Last month, Dan Colliers, a vice president for commercial real estate firm Colliers, told Daily Hive Urbanized there is nothing firm to announce yet on The Hive’s leasing, but there are still a few moving parts.
In 2018/2019, when the building’s development permit application was being considered by the municipal government, it was stated that the building has potentially enough space to accommodate up to nearly 2,000 office workers.
According to Grant, whose company continues to propose major office developments in the area, there is long-term demand for office space in the Great Northern Way corridor, and this will be aided by the introduction of residential density.
The long-term allure of the area is also aided by the 2026 opening of SkyTrain Millennium Line’s Broadway extension between VCC-Clark Station to Arbutus, which will vastly improve the area’s regional accessibility.
“I think that the really big key to the long-term office demand in all these areas, but particularly on Great Northern Way, is the need to have the housing and the shops and services. That’s why we’re really encouraged by our Great Northern Way-Emily Carr proposal because there is some office included, but the housing component is really important to be able to kind of create the activity that we need to generate some more office demand,” Grant told Daily Hive Urbanized in a previous interview.

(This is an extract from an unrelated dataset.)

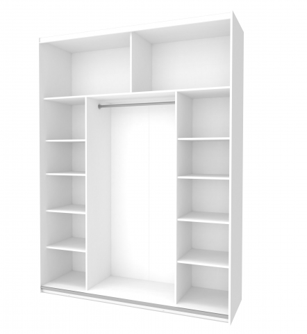 шафа містить три відділення: з боків розташовані відділення з полицями, в центральній частині – штанга для вішалок, зверху полиці антресоль |

“I think we’re optimistic that over the long-term, particularly in close proximity of the SkyTrain stations, that there will be good office demand and especially from the creative type industries that the City has aspired to with the Broadway Plan. But it’s really important that housing, particularly good rental housing, is there in advance because it’s a real limit without it.”
As well, just to the south, Vancouver Community College has long-term plans to pursue a significant redevelopment of its campus with new residential, academic, and community uses.